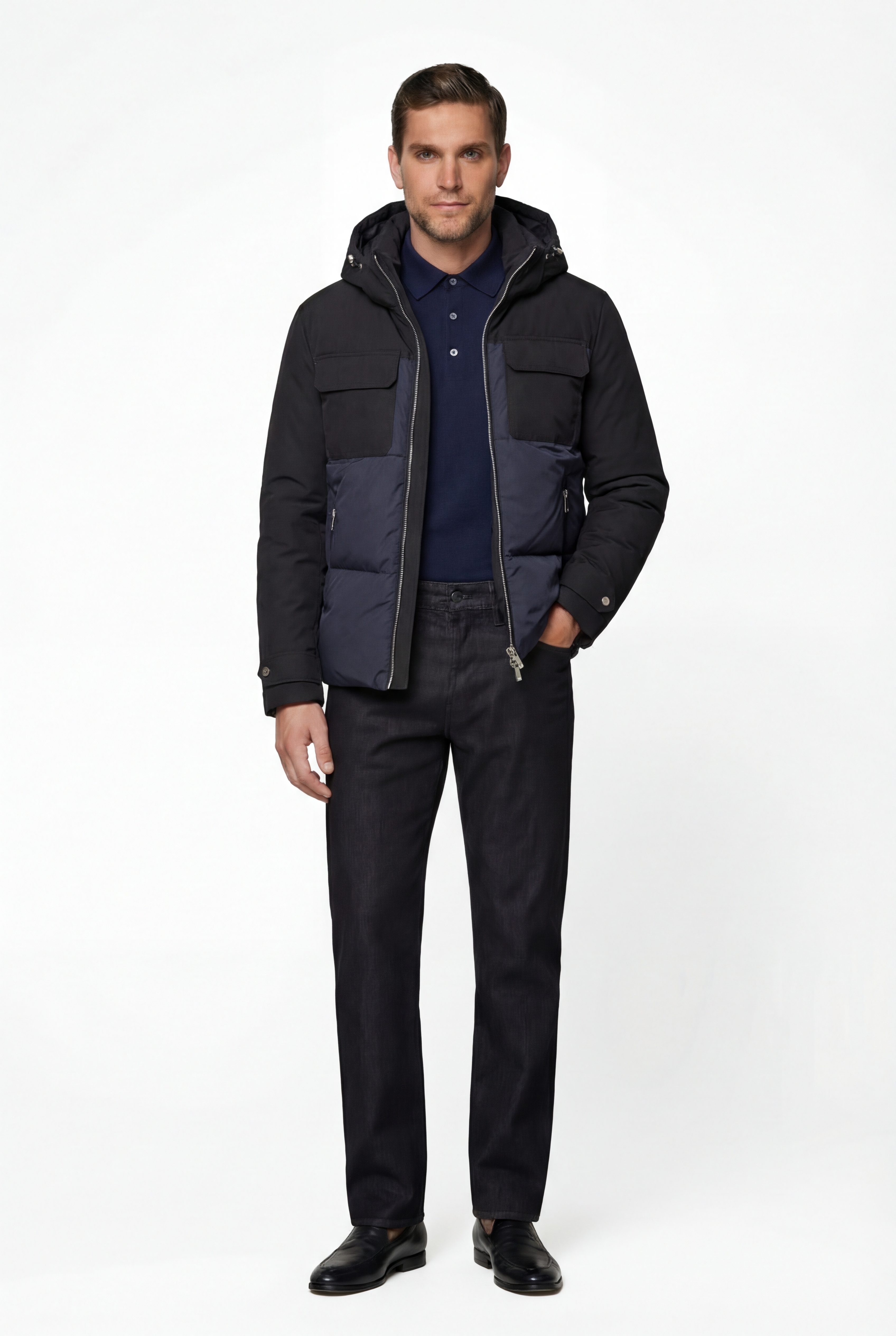 • Стильный мужской пуховик AUTEBEEL — идеальный выбор для холодного сезона. Модель изготовлена из высококачественной ткани с высокой степенью защиты от ветра и влаги, отличается износостойкостью и легкостью в уходе. Наполнитель состоит из 90% натурального пуха и 10% пера, что гарантирует высокий уровень теплоизоляции и позволяет вам оставаться в тепле даже в самые холодные зимние дни. Натуральный пух делает пуховик легким, но при этом невероятно теплым, создавая защиту от ветра и холода. В изделии использована технология самонагрева.Застежка на молнию, по низу куртки утягивающая кулиса. Для дополнительного комфорта в пуховике предусмотрен отстегивающийся капюшон. Это позволяет вам адаптировать модель в зависимости от погодных условий. При сильном ветре или снегопаде капюшон защитит голову от непогоды, а в дни с более мягкой погодой его можно легко снять, оставив более сдержанный образ. Кроме того, капюшон оснащен утягивающей кулисой, что позволяет регулировать его плотность, обеспечивая максимальную защиту. Для удобства хранения личных вещей предусмотрены четыре внутренних кармана. Это практичное решение позволяет разместить телефон, ключи, документы или другие мелкие предметы, не прибегая к использованию дополнительных сумок. Также присутствуют боковые и нагрудные карманы на молнии с внешней стороны, что добавляет дополнительное пространство для ваших аксессуаров. Трикотажные манжеты внутри рукава защищают от проникновения ветра и снега, обеспечивая комфорт даже в ветреную погоду. Манжеты также добавляют дополнительное тепло, не давая холодному воздуху проникать внутрь через рукава. Пуховик AUTEBEEL отличается лаконичным и сдержанным дизайном, универсальная модель, которая прекрасно впишется в любой гардероб. Подходит как для ежедневных деловых поездок, так и для прогулок по городу или активного отдыха на природе.
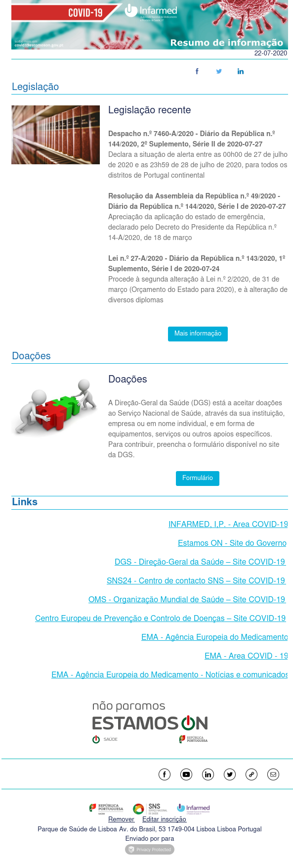 Nova edição da newsletter com resumo da informação da área COVID-19 – Infarmed
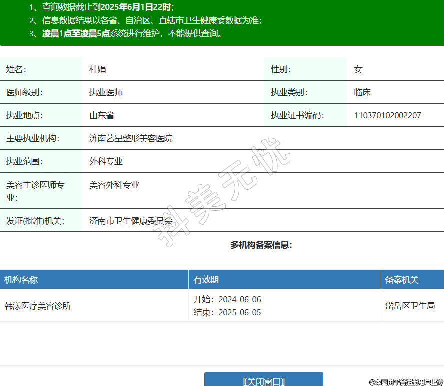 姓名:杜娟性別:女醫(yī)師級(jí)別:執(zhí)業(yè)醫(yī)師執(zhí)業(yè)類別:臨床執(zhí)業(yè)地點(diǎn):山東省執(zhí)業(yè)證書編碼:110370102002207主要執(zhí)業(yè)機(jī)構(gòu):濟(jì)南藝星整形美容醫(yī)院執(zhí)業(yè)范圍:外科專業(yè)美容主診醫(yī)師專業(yè):美容外科專業(yè)發(fā)證(批準(zhǔn))機(jī)關(guān):濟(jì)南市衛(wèi)生健康委員會(huì)多機(jī)構(gòu)備案信息:機(jī)構(gòu)名稱 有效期 備案機(jī)關(guān) 韓漾醫(yī)療美容診所 開始:2024-06-06結(jié)束:2025-06-05岱岳區(qū)衛(wèi)生局 -
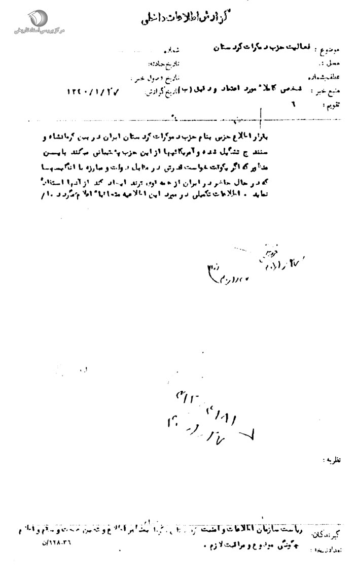 به قرار اطلاع حزبى به نام حزب دموکرات کردستان ایران در بین کرمانشاه سنندج تشکیل شده و آمریکائیها از این حزب پشتیبانى میکنند به این منظور که اگر یک وقت خواست قدرتى در مقابل دولت و مبارزه با انگلیسها که در حال حاضر در ایران از همه قوىترند ایجاد کند از آنها استفاده نماید. اطلاعات تکمیلى در مورد این اطلاعیه متعاقباً اعلام میگردد.
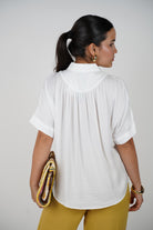 The Jeyra Flaca Top is the perfect combination of relaxed structure and refined detailing. This black short-sleeve blouse features elegant vertical pleats along the front and back, creating soft drapes that flatter every angle. The partial button placket and structured collar give it a classic twist, while the oversized shape adds a contemporary feel. Whether tucked into trousers or paired with playful skirts, Jeyra adds easy elegance to your outfit.
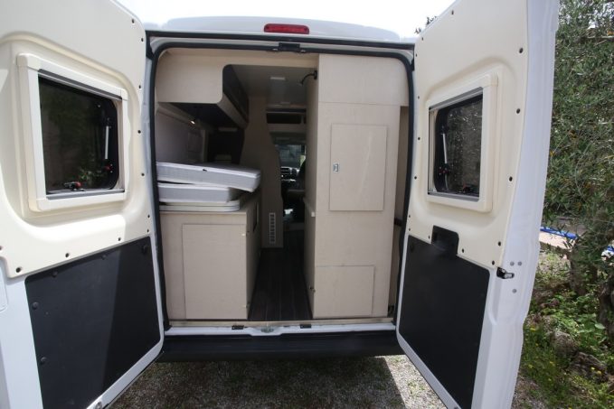 On rompt le suspense : la singularité de ce fourgon réside en partie arrière… L’avez-vous deviné ? Il s’agit d’un lit à la française implanté donc dans le sens de la longueur.
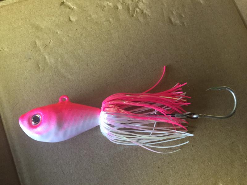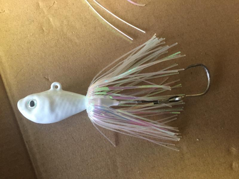 The price of fishing the sticky stuff is too high (I built several artificial reefs using Spros) so all I use now are unpainted jigheads tipped with Gulp! and Spearing. A teaser 12to14" above the jig is also tipped with Gulp! and spearing.
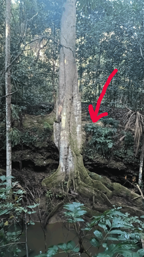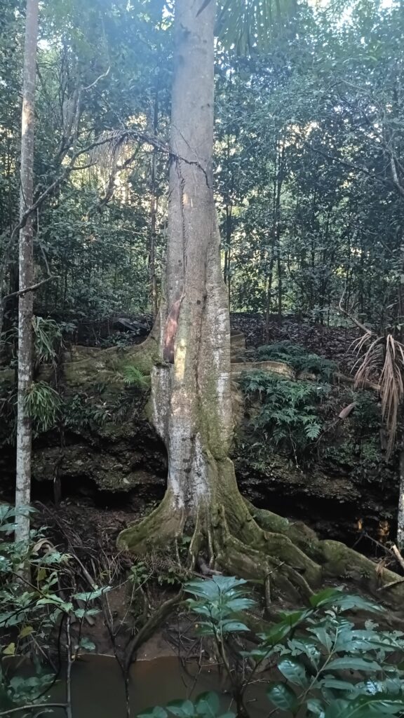 After days of tracking their calls echoing through the dense undergrowth, I stumbled upon what felt like the perfect stage. A vertical root of a strangling fig tree stood like a natural sculpture in a small clearing, draped with moss and surrounded by lush, layered ferns.
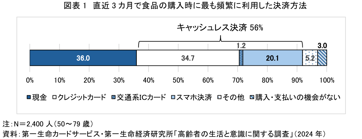 まず、50歳以上のシニア層におけるキャッシュレス決済の普及状況をみる。直近3カ月で食品の購入時に最も頻繁に利用した決済方法は、現金(36%)であった(図表1)。一方、クレジットカードも34.7%と同程度であり、交通系ICカードとスマホ決済を合わせたキャッシュレス決済は56%に達している。一般的に、決済金額が高い場合にクレジットカードをはじめとするキャッシュレス決済が利用される傾向があるが(注3)、食品のような日常的な買い物においても、半数以上が主な決済方法として利用しており、キャッシュレス化が日常生活にも普及していることがうかがえる。
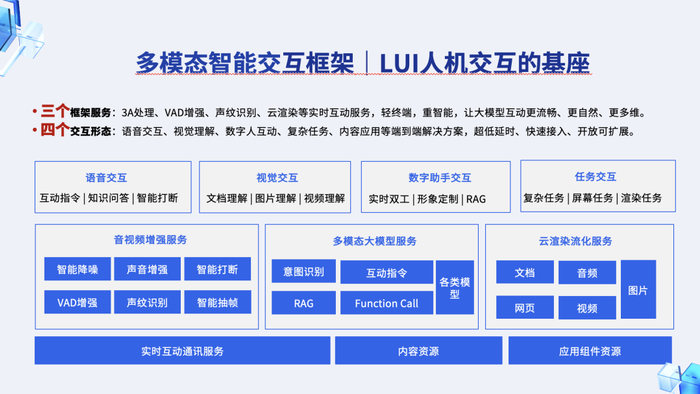 三个服务,即音频增强服务、多模态大模型服务、云渲染流化服务;

_Exercise objective_: Take the material above from its first line through the line that has "Nova edição da" and copy it exactly, without any pictures.

_Completed task_:
 • Стильный мужской пуховик AUTEBEEL — идеальный выбор для холодного сезона. Модель изготовлена из высококачественной ткани с высокой степенью защиты от ветра и влаги, отличается износостойкостью и легкостью в уходе. Наполнитель состоит из 90% натурального пуха и 10% пера, что гарантирует высокий уровень теплоизоляции и позволяет вам оставаться в тепле даже в самые холодные зимние дни. Натуральный пух делает пуховик легким, но при этом невероятно теплым, создавая защиту от ветра и холода. В изделии использована технология самонагрева.Застежка на молнию, по низу куртки утягивающая кулиса. Для дополнительного комфорта в пуховике предусмотрен отстегивающийся капюшон. Это позволяет вам адаптировать модель в зависимости от погодных условий. При сильном ветре или снегопаде капюшон защитит голову от непогоды, а в дни с более мягкой погодой его можно легко снять, оставив более сдержанный образ. Кроме того, капюшон оснащен утягивающей кулисой, что позволяет регулировать его плотность, обеспечивая максимальную защиту. Для удобства хранения личных вещей предусмотрены четыре внутренних кармана. Это практичное решение позволяет разместить телефон, ключи, документы или другие мелкие предметы, не прибегая к использованию дополнительных сумок. Также присутствуют боковые и нагрудные карманы на молнии с внешней стороны, что добавляет дополнительное пространство для ваших аксессуаров. Трикотажные манжеты внутри рукава защищают от проникновения ветра и снега, обеспечивая комфорт даже в ветреную погоду. Манжеты также добавляют дополнительное тепло, не давая холодному воздуху проникать внутрь через рукава. Пуховик AUTEBEEL отличается лаконичным и сдержанным дизайном, универсальная модель, которая прекрасно впишется в любой гардероб. Подходит как для ежедневных деловых поездок, так и для прогулок по городу или активного отдыха на природе.
 Nova edição da newsletter com resumo da informação da área COVID-19 – Infarmed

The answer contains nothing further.